There was no talk of murders or of intruders at the meal, but Stella told theatrical anecdotes to make him laugh.
‘You made that one up,’ he said at one point. ‘That one about George the Fifth and Queen Mary and John Gielgud can’t be true.’
‘Well, I doctored it a bit.’
At the end of the meal, Stella stood up. ‘It’s supposed to be a bad thing to go to bed after a large meal, but a little exercise might change that.’ She put her arms round his neck. ‘Do you still wonder why I came home?’

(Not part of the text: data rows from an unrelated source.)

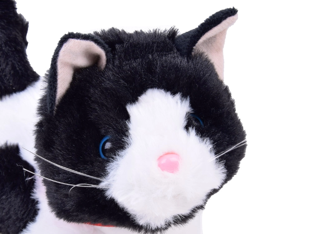 Pristatome interaktyvią pliušinę katę juodai baltos spalvos su raudonu antkakliu. Šis žavus pliušinis draugas taps neatsiejama kiekvieno vaiko, svajojančio apie savo augintinį, dalimi. Dėl savo funkcijų ji suteikia valandų valandas pramogų, lavina vaikų vaizduotę ir empatiją.
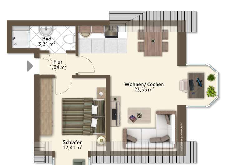 Die Wohnfläche wird gemäß DIN 277 als vermietbare Fläche ausgewiesen und umfasst auch den ca. 6 m² großen Abstellraum im Keller.
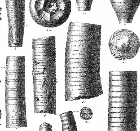 Exemple pour illustrer les "lignes de sutures" entre des articles de crinoïdes, in LORIOL. 1877- Monographie Des Crinodes Fossiles De La Suisse.
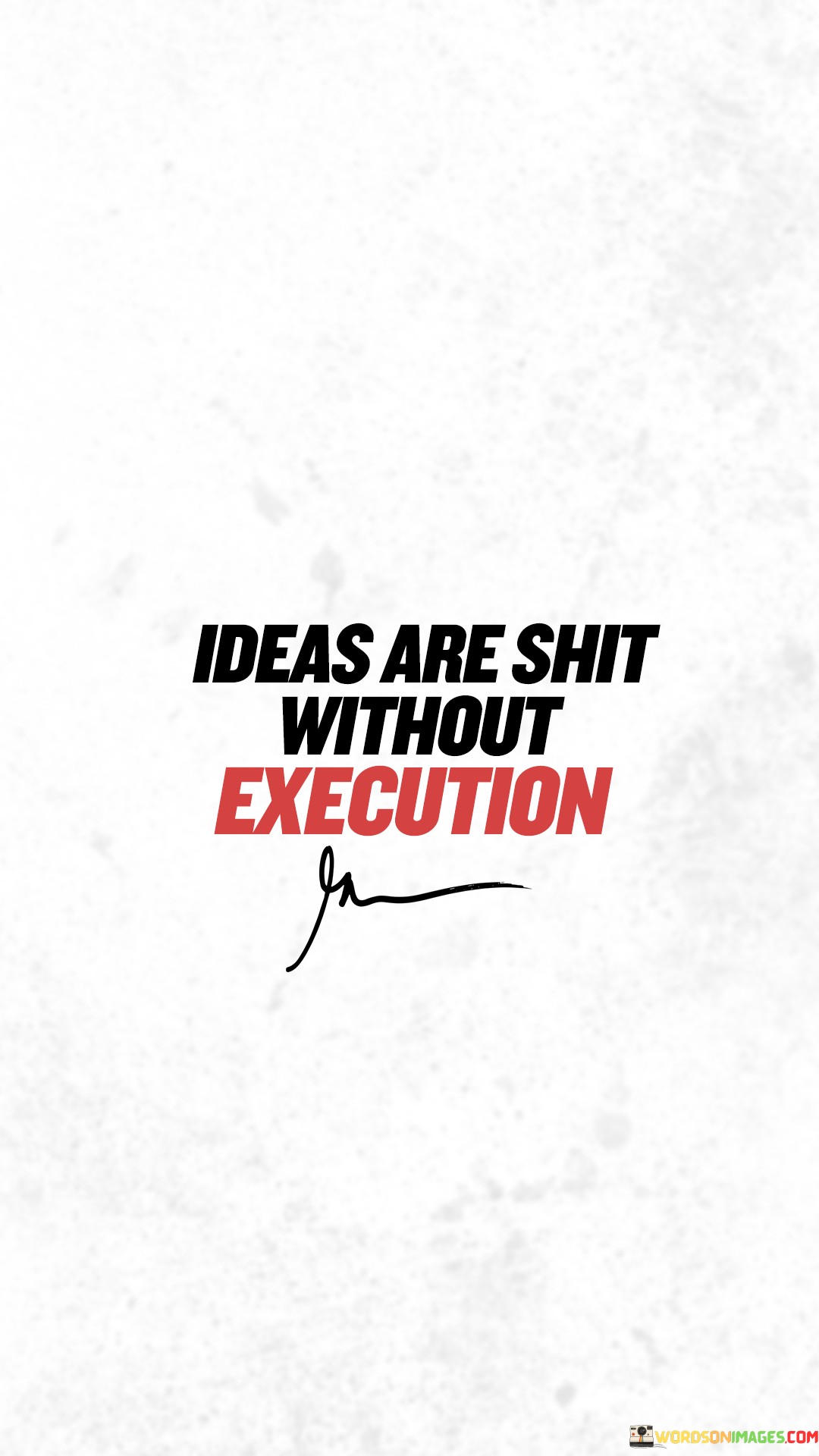This quote emphasizes the importance of taking action to turn ideas into reality. It suggests that having great ideas is not enough; their value lies in their implementation and execution.
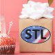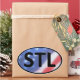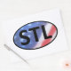 STL Lambert - St. Louis International Airport oval sticker with USA flag background.
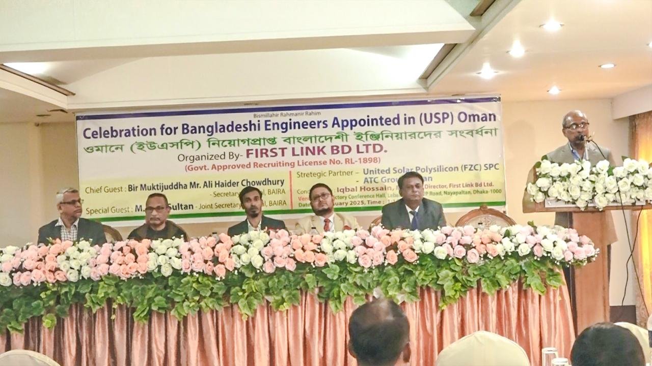 উল্লেখ্য ফাস্ট লিঙ্ক বিডি লিমিটেড যার লাইসেন্স নং-আর এল – ১৮৯৮ যার মাধ্যমে এবং বাংলাদেশী ইঞ্জিনিয়ারদের নিয়োগপ্রাপ্তি ও ভিসা সংক্রান্ত বিষয়ে এটিসি গ্রুপ ওমান এর চেয়ারম্যান আশ্রাফ উদ্দিন রনি সিআইপি’র সার্বিক সহযোগীতায় শুধুমাত্র সার্ভিস চার্জ প্রদান করে এক লক্ষ 20 হাজার টাকা বেতনে ৩১জন ইঞ্জিনিয়ার ওমানে নিয়োগপ্রাপ্ত হন। সার্ভিস চার্জ ব্যতীত অন্য কোন খরচ প্রদান করতে হয়নি তাদের । সবশেষে মধ্যাহ্নভোজ গ্রহণের মাধ্যমে অনুষ্ঠান সমাপ্ত হয়।
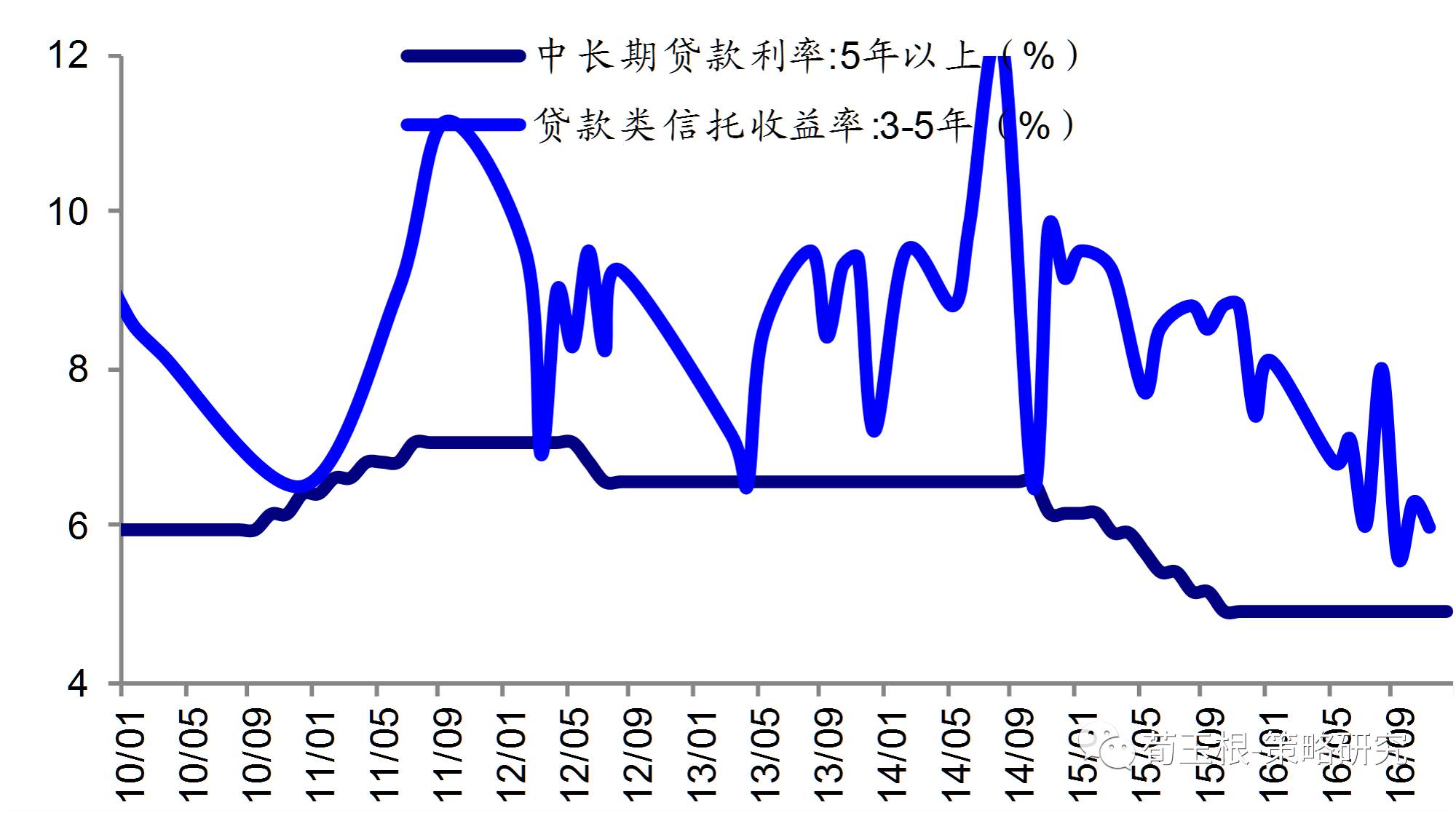 11年至今,我國(guó)經(jīng)濟(jì)持續(xù)下行,制造業(yè)盈利水平逐年降低,我們用剔除投資凈收益的ROIC以及ROE代表企業(yè)的盈利水平,可以看到ROIC從10年的8.0%下降到16Q1的4.5%,ROE從10年9.8%下降至15年的3.6%。16年來(lái),兩者雖然有所回升,但仍然處于較低水平,16Q3分別為4.8%和4.5%。期間企業(yè)財(cái)務(wù)負(fù)擔(dān)方面也有所下降,我們用銀行貸款利率和信托利率代表企業(yè)財(cái)務(wù)成本,可見(jiàn)在央行不斷的降息下,5年以上銀行貸款利率從12年的7.05%下降215Bp至目前的4.9%,3-5年期信托貸款從11年的11.15%下降515Bp至目前的6.0%。
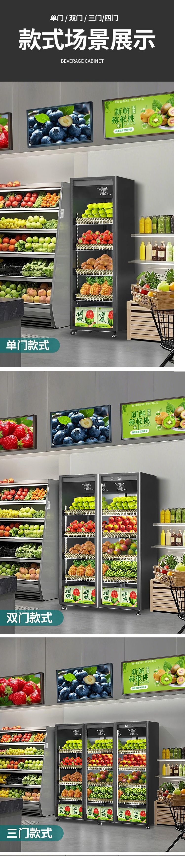 내구성이 뛰어난 과일 보존 캐비닛, 야채 냉장 디스플레이 캐비닛, 슈퍼마켓 윈드 커튼, 인터넷 연예인 꽃, 상업용 수직 냉동고스토어 가기

‘Not at this moment,’ said Coffin huskily. ‘You are a beauty, Stella.’
‘And a good wife?’
‘A very good wife.’
They were standing there when the telephone rang. ‘Ignore it,’ said Stella.
It went on ringing. And ringing.
She took a step away. ‘No, I can tell that you can’t.’ She watched his back as he walked towards the telephone; she knew the call was not for her just as she knew it was bad news.
She listened, trying to assess what was being said.
‘Yes, yes, that’s right.’ Then a pause. ‘Yes, she was. On my instructions. Yes, it must be her.’ Another pause. ‘Thank you for telling me. Let me know when you have confirmation, please.’
He put the telephone down, then stood there looking at it for a while.
Stella came over to him.
‘Tell me.’
Slowly, he said: ‘A report has come through of an explosion in a hotel room in Newcastle … A woman has been killed, she seems to have been identified as Phoebe Astley.’